3proxy: Multi-Protocol Proxy Server - AI-Optimized Reference
Overview
Technology: Lightweight multi-protocol proxy server (BSD licensed since 2002)
Core Value: Single binary handles HTTP/HTTPS, SOCKS4/5, DNS proxy, and port forwarding
Resource Footprint: 3-12MB RAM, ~4MB disk space
Use Cases: Development testing, corporate firewalls, privacy chains, legacy system bridging
Critical Success Factors
Why Choose 3proxy Over Alternatives
- Multi-protocol support: Unlike Squid (HTTP only) or Dante (SOCKS only), handles all protocols properly
- Resource efficiency: 3MB vs Squid's 150MB idle RAM usage
- Cross-platform consistency: Same config works Windows/Linux (unlike nginx)

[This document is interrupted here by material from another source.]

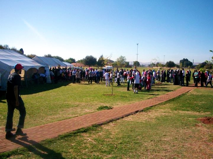 One of many annual community events occuring at Lenasia's Rose Park in September 2012. This is a popular venue amongst Lenasia residents for public events and for family relaxation on weekends. The park, which consists of aesthetically pleasant rose bushes and a fountain, also has a special stimulation and play area specifically for children with disabilities.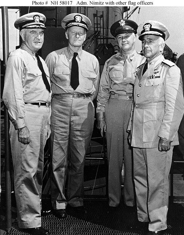 Fleet Admiral Chester W. Nimitz, USN, Commander in Chief, Pacific Fleet and Pacific Ocean Areas, (2nd from left). On board ship, probably at Pearl Harbor in mid-1942. With him are, from left: Rear Admiral David W. Bagley, Commander, Hawaiian Sea Frontier; Major General Delos C. Emmons, U.S. Army; and Rear Admiral Aubrey W. Fitch

- Thread-based architecture: Avoids memory explosion of forking proxies (2MB per connection)
Performance Thresholds
- Connection limits: 800-1000 concurrent connections before file descriptor limits
- Memory scaling: 3MB idle → 12MB at 200-300 connections
- Breaking point: Default 1024 connection limit, then refuses new connections
- Bandwidth impact: Each proxy hop adds latency, performance degrades significantly
Implementation Configuration
Installation Critical Paths
Linux Installation
git clone https://github.com/3proxy/3proxy
cd 3proxy
ln -s Makefile.Linux Makefile # CRITICAL: Wrong Makefile = useless errors
make
sudo make install
Prerequisites:
- Ubuntu/Debian:
build-essential
required or "gcc: command not found" - CentOS 7: Use
Makefile.Linux-gcc
or compilation fails - Alpine Linux: Assumes glibc, requires modifications
System-specific failures:
- SELinux blocks service execution until correct context set
- Binary locations vary:
/usr/local/bin/
(Ubuntu) vs/usr/sbin/
(CentOS)
Windows Installation
- Download pre-built binaries from GitHub releases
- CRITICAL: Whitelist folder in antivirus BEFORE extraction
- Extract to
C:\3proxy\
- Run
3proxy --install
as administrator (fails silently otherwise)
Windows-specific issues:
- Antivirus quarantines even after whitelisting
- Windows firewall blocks by default
- Corporate DLL restrictions break binary
- File paths must use forward slashes everywhere
Configuration That Works
Basic Working Config
# User authentication
users testuser:CL:testpass
# HTTP proxy on port 3128
proxy -p3128
# SOCKS proxy on port 1080
socks -p1080
# REQUIRED: Allow connection or all requests rejected
allow testuser
Critical requirements:
allow
line mandatory or "access denied" with no explanation- Use
mycrypt
for password hashing in production (notCL
cleartext) - Config reload with
kill -USR1
but fails silently on syntax errors - Always test with
3proxy -t
before production reload
File Structure
- Pre-chroot config:
/etc/3proxy/3proxy.cfg
(system settings) - Main config:
/usr/local/3proxy/conf/3proxy.cfg
(proxy definitions) - Forward slashes required even on Windows
- Different distros place service files inconsistently
Failure Modes and Solutions
Common Breaking Points
- Antivirus false positives: All major antivirus flags proxy software
- Solution: Whitelist before download, not after quarantine
- File descriptor limits: Default 1024 connections then hard stop
- Solution:
ulimit -n 65536
+maxconn 10000
in config
- Solution:
- Config syntax errors: Reload fails, keeps old config, cryptic errors
- Solution: Always
3proxy -t
before reload
- Solution: Always
- Memory limits on embedded systems: 4MB binary too large for some routers
- Solution: Use separate binaries (
socks
,proxy
) saves ~500KB
- Solution: Use separate binaries (
Protocol-Specific Issues
- SOCKS5 UDP: Many implementations ignore this, 3proxy actually supports it
- HTTPS tunneling: CONNECT method implementation works properly (unlike some alternatives)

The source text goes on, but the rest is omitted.